Мужичонка обескураженно и неловко отвернулся, и все враз замолчали. Старик Вяленый сидел неподвижно, уронив голову на грудь и сопя, как будто уснул. Чалый внимательно и несколько тревожно вгляделся в его лицо, а затем мерно продолжил:
– Однажды Вяленый вообще бля опозорился – чего-то там перепутал, на хуй, и забурился в испанскую тюрьму, а там сидел этот писатель, который Дон Кихота написал – ну знаешь, такой бля тощий урод со шпагой, его из чугуна льют… Как же его, блядь, звали-то, этого испанца… Как-то солидно. Домушников еще так зовут. То ли Гардероб, то ли Шифонер…
– Сервантес? – вежливо подсказал Миша.
– Вот! Точно. Сервантес, правильно. И чего-то они там поругались. Вяленому его книжка не понравилась ни хуя, вот он и завелся. Не любит он, когда над добрыми людьми издеваются, хотя бы даже в книжке. Ну он и говорит ему типа, если тебя в тюрьму посадили, зачем в книжке хорошего человека обсирать. Сажали, и будут, мол, сажать, подумаешь, обиделся! На обиженных хуй кладут! Сидишь – и сиди себе, терпи, а доброго человека не трави, даже и в книжке, хуевое это занятие! Твою, говорит, книжку потом на другие языки переведут, и все будут читать и думать, что добрые люди только на то и годятся, чтобы их чмонала всякая падла, кому не лень. А Сервантес ему говорит: это мол я не то чтобы конкретно, а вообще, типа, язвы общества открываю, чтобы всем было видать. А Вяленый взбеленился совсем и говорит: язвы, мол, лечить надо, а не открывать. Оттого, что ты их всем откроешь, от этого легче не станет. Ну, Сервантес тоже обиделся в конце концов, и говорит: открыть – это значит наполовину вылечить. Еще какую-то хуйню сказал на этой, как ее… на латыни.

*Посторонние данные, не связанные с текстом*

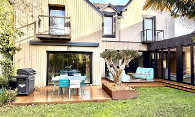 On the left bank of the port of Vannes, this 139 m² house is located on a plot of more than 500 m², offering a sought-after living environment, in the immediate vicinity of the city center. Entirely turned outwards, it seduces with its pleasant garden, its west-facing terrace and its view of the masts of the boats.

– «Bene diagnoscitur – bene curatur», – неожиданно звучно произнес старик. Миша проходил эту пословицу на первом курсе: «То, что хорошо диагносцируется, хорошо лечится». Вяленый вновь опустил голову на грудь, видимо ожидая, когда Чалый прекратит чесать языком.
– А ведь на самом деле, не факт, – вдруг удивился Миша своим же мыслям. Я вот неврологией увлекаюсь, на кружок хожу. И вот, сколько учебники читаю и руководства и монографии, так получается, что невропатолог всегда может поставить топический диагноз. А вот вылечить не может, потому что нет патогенетической терапии, и этиология заболевания неизвестна. Хотя бы взять, например, боковой амиотрофический склероз…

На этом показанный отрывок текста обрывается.